坏掉了。
祝眠问:“是没听见吗?”
“听见了。”关寒酥说。
祝眠听见了她雀跃的声音, 太好哄了,在哄关寒酥这方面, 她很有自信。
关寒酥含着哭腔说:“你能不能再哄哄我。”
祝眠:“……”
怎么又伤心了。
“寒酥,不要哭了, 他们说你什么了,还是偏心你哥, 不要为了不值得的人落泪, 你不是我女朋友,我随便你哭, 哭得多伤心我都不管,但是现在你哭,我会心疼。

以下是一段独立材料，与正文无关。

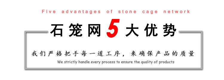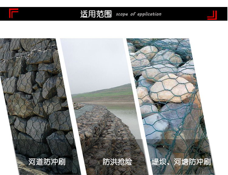 石笼网可用于边坡支护、基坑支护、山体岩面挂网喷浆、边坡植生(绿化)、铁路高速公路隔离护拦网,它还能制成箱笼、网垫,用于江河、堤坝及海塘的防冲刷保护,水库、河流截流用网箱。河流严重的灾害是水流冲刷河岸使其破坏,引发的洪水泛滥,导致生命财产遭受大量损失和大量水土流失。因此在处理上述问题时侯,格该生态格网结构的应用成为**的解决方案之一,它能使河床河岸得到坚固性保护。
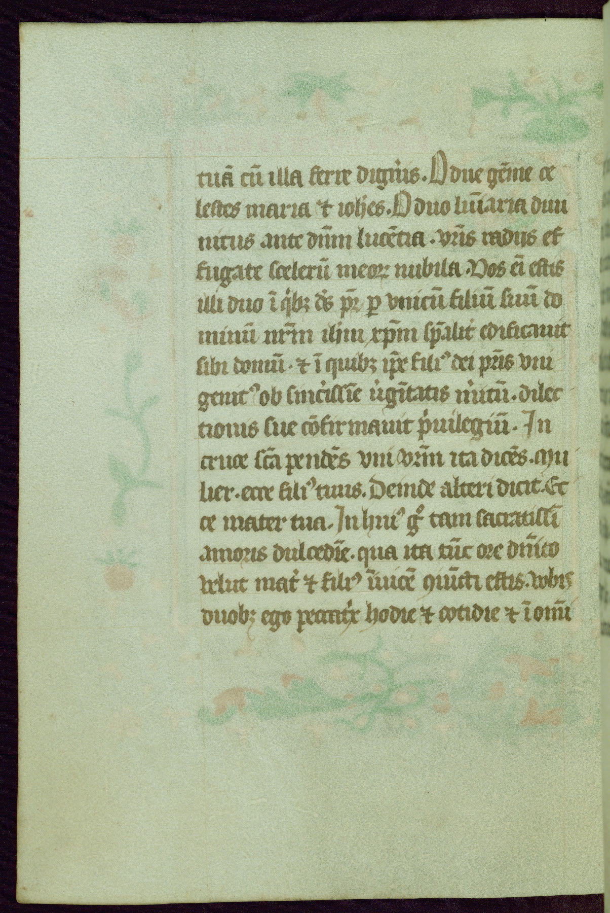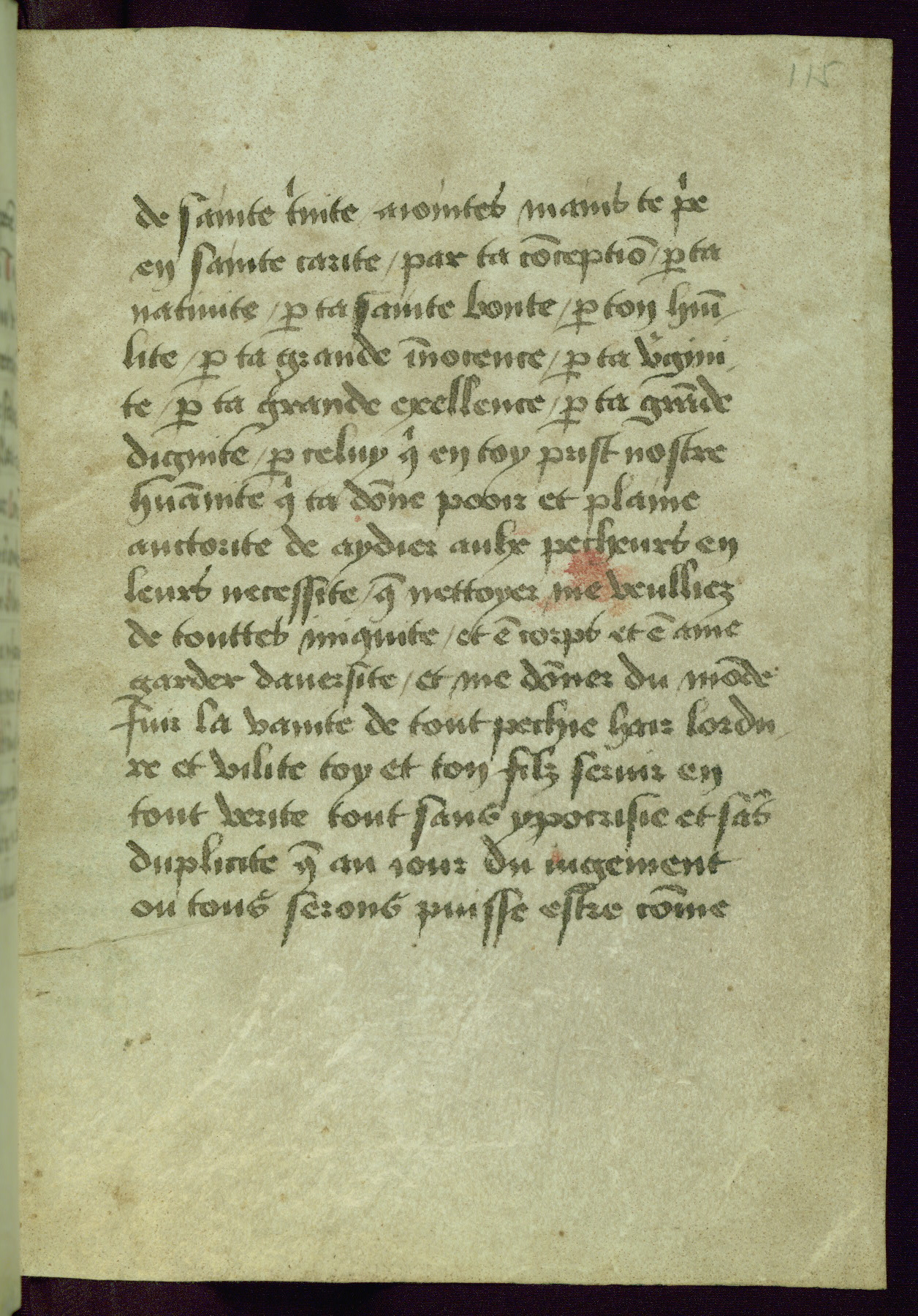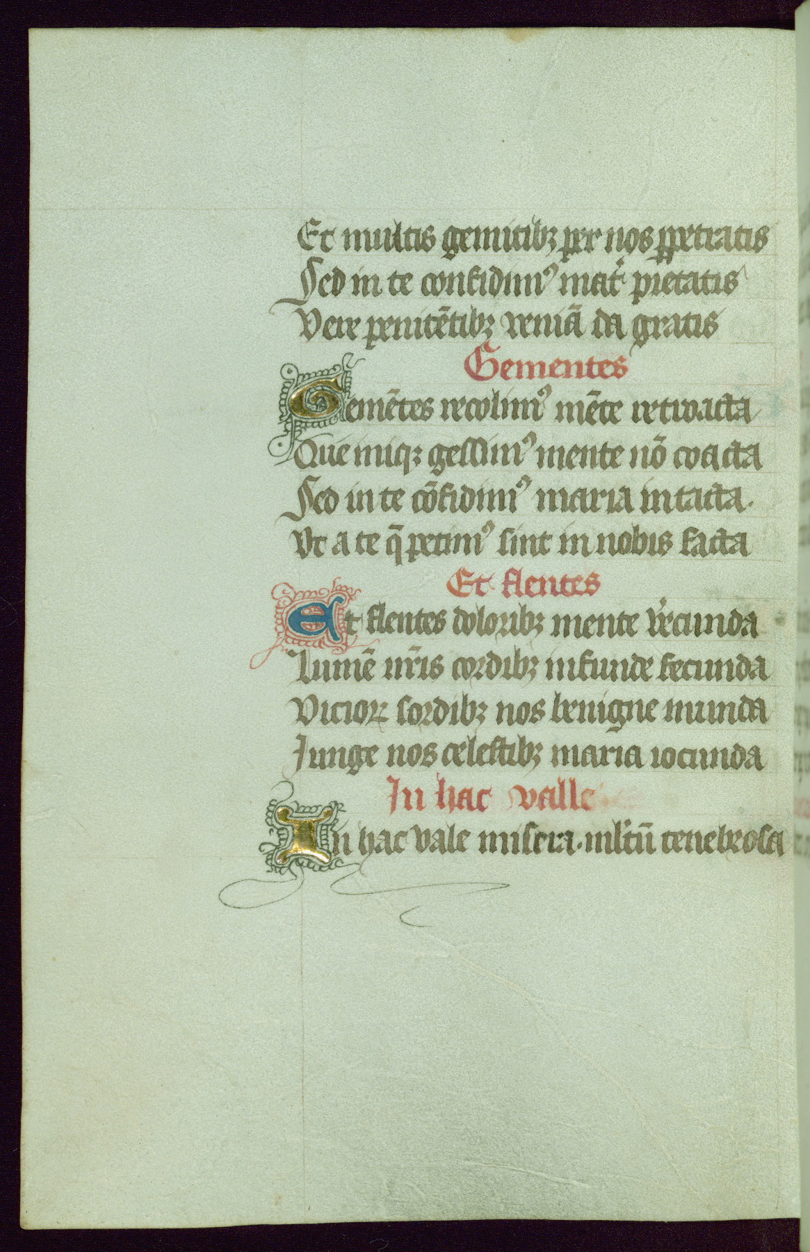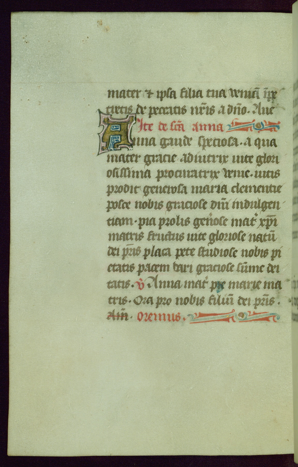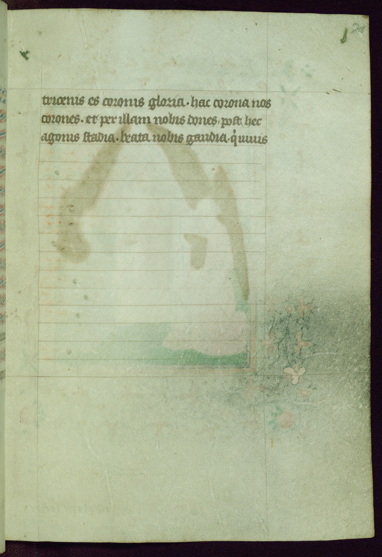 This Book of Hours was created ca. 1440 in Hainaut for a female patron with Cistercian connections, which is suggested by long devotional sequences focused on the Passion of Christ and the Virgin, including indulgences, a litany with Cistercian affiliation, and various references to a female suppliant. Two devotional texts written by various scribes in Latin and French were added to the front and back of the book ca. 1450-1600. At the end of the front devotional text, on fol. 6v, there are sewing holes and strong impressions of a variety of pilgrim badges. The manuscript contains eight full-page miniatures, five of which were at some point protected by pieces of gauze that have been removed and are now in the WAM file.

”
关寒酥突然就装不下去了。
她不想让祝眠痛心。
“他们再怎么偏袒我哥, 我都不在乎, 我只要你偏爱我。”
祝眠:“我要不偏爱你,就不会哄你了。”
“我和睡觉, 在你心里哪个重要?”
“睡觉。”
关寒酥笑了:“你现在就不能偏袒一下,连个谎都不愿意撒,你就没想过回答这个,我会生气吗?”
“现在撒谎了,爱你就是假的了。”
关寒酥已经被她撩到不行了,唇角怎么压都压不下去:“我现在就想见你。”
“你在笑吗?”祝眠问。
关寒酥吸了吸鼻子,含着哭腔说:“和你通话,我太高兴了,一想到马上会见到你,就不那么难过了。”
祝眠开了免提,下床换睡衣。
“眠眠,你还在吗?”
“在换衣服。”
关寒酥唇角微扬:“是要去我家吗?”
“对。”祝眠说。
“你再哄我一句,我就挂电话。”
祝眠套上睡衣,把藏匿在衣领里的衣服撩了出来,发尾飘出好看的弧度。
她瞥了眼手机,说:“乖,不哭了。”
她说的毫无感情,关寒酥却红了脸。
“眠眠,你能不能再说一句。”
祝眠幽幽地说:“你要是骗我,我会罚你的。”
她已经察觉不对劲了。
关寒酥紧张:“罚我什么?”
“哄我睡一百天。”
关寒酥在憋笑,她可太愿意了。
“祝眠,你真狠。”她配合地说。
祝眠:“我还觉得我罚轻了。”
“你可以惩罚得更重一点,不要对我过于仁慈。”
祝眠:“……”
她听出来了,这是在奖励她。
—
一个小时后,祝眠到了公寓,关寒酥还没回来。
她换了鞋,直奔卧室,扑倒在柔软的床上,被子上有淡淡的香味。
这几天一直在家里睡的,睡得很饱,但来到这个房间,睡意一下卷席而来,她要睁不开眼了。
祝眠听见门开了的声音。
她下床,快步走到客厅,看见了赶回来的关寒酥。
她今天的穿搭知性又优雅,头发有特意打理过,脸上的妆很精致,眼睛很漂亮,完全看不出哭过的痕迹。
“你骗我。”
关寒酥从袋子里拿出一套睡衣:“几天不见,你就和我说这个,我在路上给你买了睡衣,当赔罪的礼物。”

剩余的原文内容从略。